COLLECTED DATA:
+++

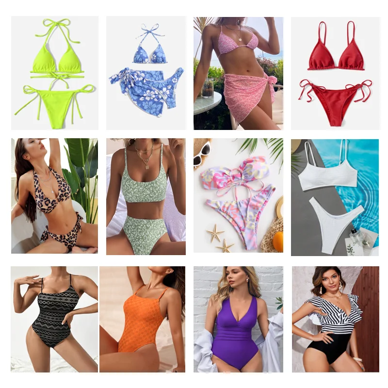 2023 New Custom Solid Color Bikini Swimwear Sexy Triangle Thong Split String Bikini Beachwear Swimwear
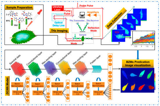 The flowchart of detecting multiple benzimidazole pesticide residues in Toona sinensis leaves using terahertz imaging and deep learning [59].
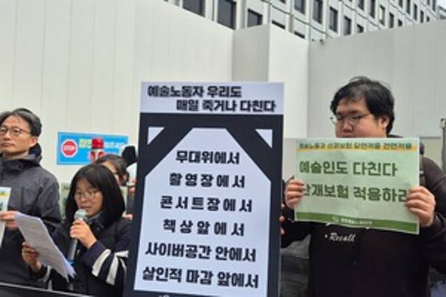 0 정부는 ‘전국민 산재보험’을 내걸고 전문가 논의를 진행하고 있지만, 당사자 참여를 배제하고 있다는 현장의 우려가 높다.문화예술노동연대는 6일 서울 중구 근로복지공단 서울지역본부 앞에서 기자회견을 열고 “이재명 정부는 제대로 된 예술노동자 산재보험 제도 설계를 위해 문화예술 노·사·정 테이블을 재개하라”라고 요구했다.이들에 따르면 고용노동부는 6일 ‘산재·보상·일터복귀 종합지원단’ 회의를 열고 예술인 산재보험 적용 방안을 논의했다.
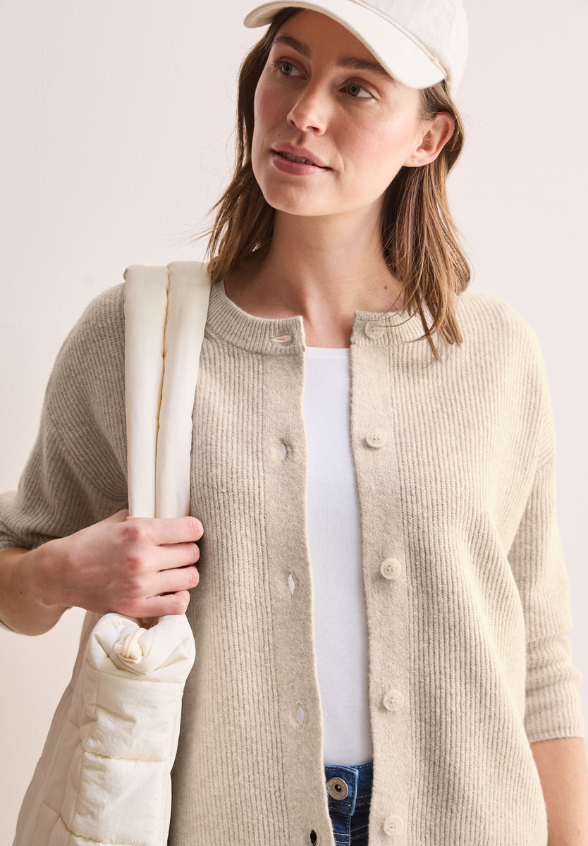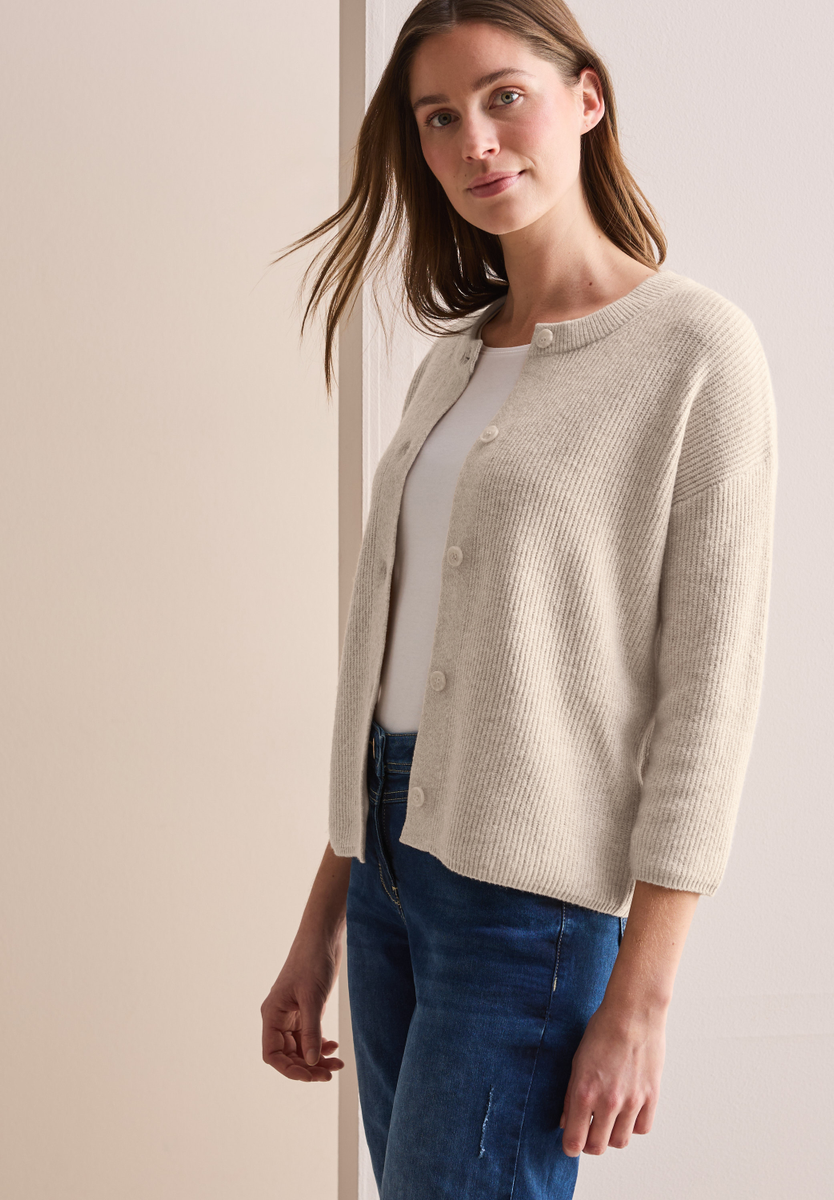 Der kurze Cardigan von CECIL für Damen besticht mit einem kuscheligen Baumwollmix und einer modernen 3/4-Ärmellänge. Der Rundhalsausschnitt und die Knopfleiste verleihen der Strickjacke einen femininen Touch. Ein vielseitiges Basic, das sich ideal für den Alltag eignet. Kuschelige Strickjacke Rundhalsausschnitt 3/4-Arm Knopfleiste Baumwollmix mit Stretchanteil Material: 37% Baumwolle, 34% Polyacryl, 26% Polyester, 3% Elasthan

+++

TASK GOAL:
The listing above must be restated word for word. Its pictures are to be left out.

SOLUTION FOR THIS PROBLEM:
 2023 New Custom Solid Color Bikini Swimwear Sexy Triangle Thong Split String Bikini Beachwear Swimwear
 The flowchart of detecting multiple benzimidazole pesticide residues in Toona sinensis leaves using terahertz imaging and deep learning [59].
 0 정부는 ‘전국민 산재보험’을 내걸고 전문가 논의를 진행하고 있지만, 당사자 참여를 배제하고 있다는 현장의 우려가 높다.문화예술노동연대는 6일 서울 중구 근로복지공단 서울지역본부 앞에서 기자회견을 열고 “이재명 정부는 제대로 된 예술노동자 산재보험 제도 설계를 위해 문화예술 노·사·정 테이블을 재개하라”라고 요구했다.이들에 따르면 고용노동부는 6일 ‘산재·보상·일터복귀 종합지원단’ 회의를 열고 예술인 산재보험 적용 방안을 논의했다.
 Der kurze Cardigan von CECIL für Damen besticht mit einem kuscheligen Baumwollmix und einer modernen 3/4-Ärmellänge. Der Rundhalsausschnitt und die Knopfleiste verleihen der Strickjacke einen femininen Touch. Ein vielseitiges Basic, das sich ideal für den Alltag eignet. Kuschelige Strickjacke Rundhalsausschnitt 3/4-Arm Knopfleiste Baumwollmix mit Stretchanteil Material: 37% Baumwolle, 34% Polyacryl, 26% Polyester, 3% Elasthan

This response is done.